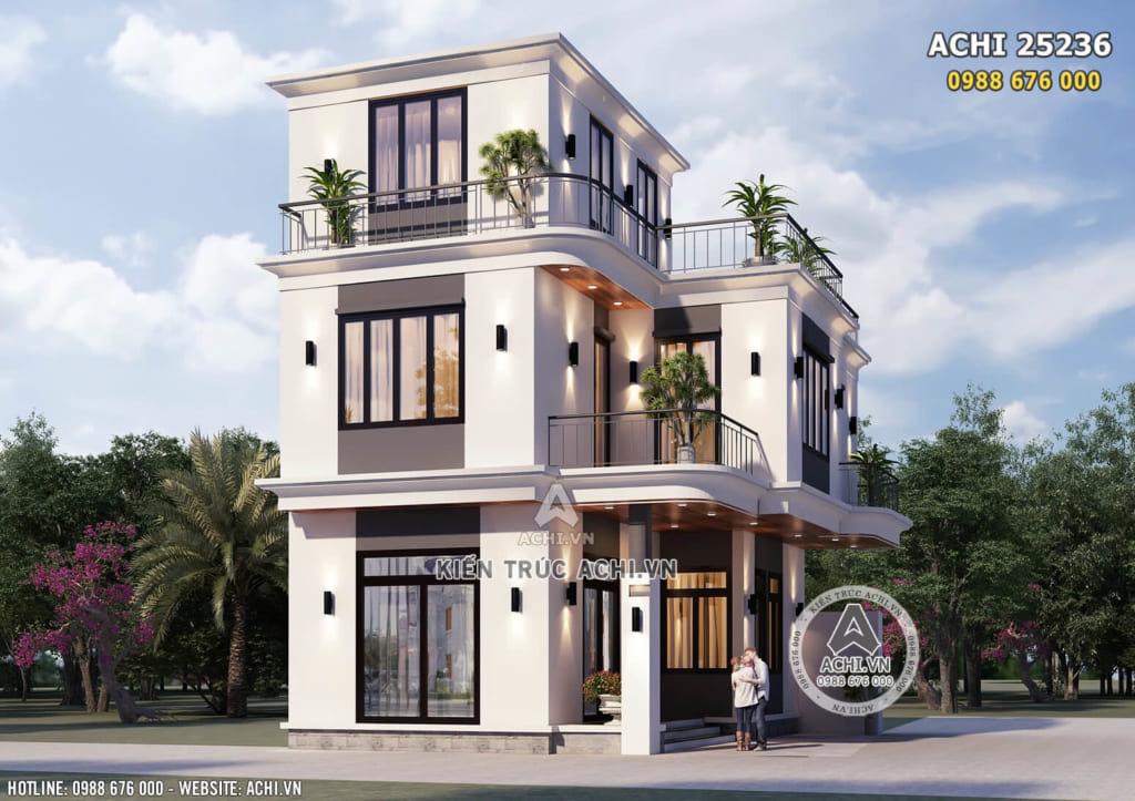 1. Tổng quan mẫu nhà 3 tầng đẹp hiện đại, đơn giản – Mã số: ACHI 25236
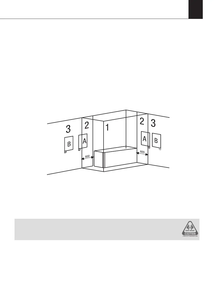 distance of 600 mm from any wet areas. The body of the product can be placed in Zone 2
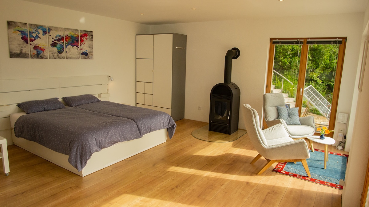 Construimos la Villa Azul para hacer feliz a la gente: primero a nuestros hijos y ahora a nuestros huéspedes, que disfrutan del ambiente increíblemente tranquilo y de las impresionantes vistas de la ruta del vino. El apartamento en el sótano ofrece 50 metros cuadrados de espacio habitable para parejas que quieren estar a solas. Una cama tamaño king invita a acurrucarse. Una cocina sencilla completa el ambiente cuidadosamente diseñado. Bajo el follaje de los viejos robles se encuentra su área exterior privada de unos 100 metros cuadrados.

:: EXERCISE DIRECTIONS ::
Pictures are to be omitted; otherwise, every line from the first line of the listing through the line containing "distance of 600" must be reproduced exactly, both ends included.

:: RESULT OF THE EXERCISE ::
 1. Tổng quan mẫu nhà 3 tầng đẹp hiện đại, đơn giản – Mã số: ACHI 25236
 distance of 600 mm from any wet areas. The body of the product can be placed in Zone 2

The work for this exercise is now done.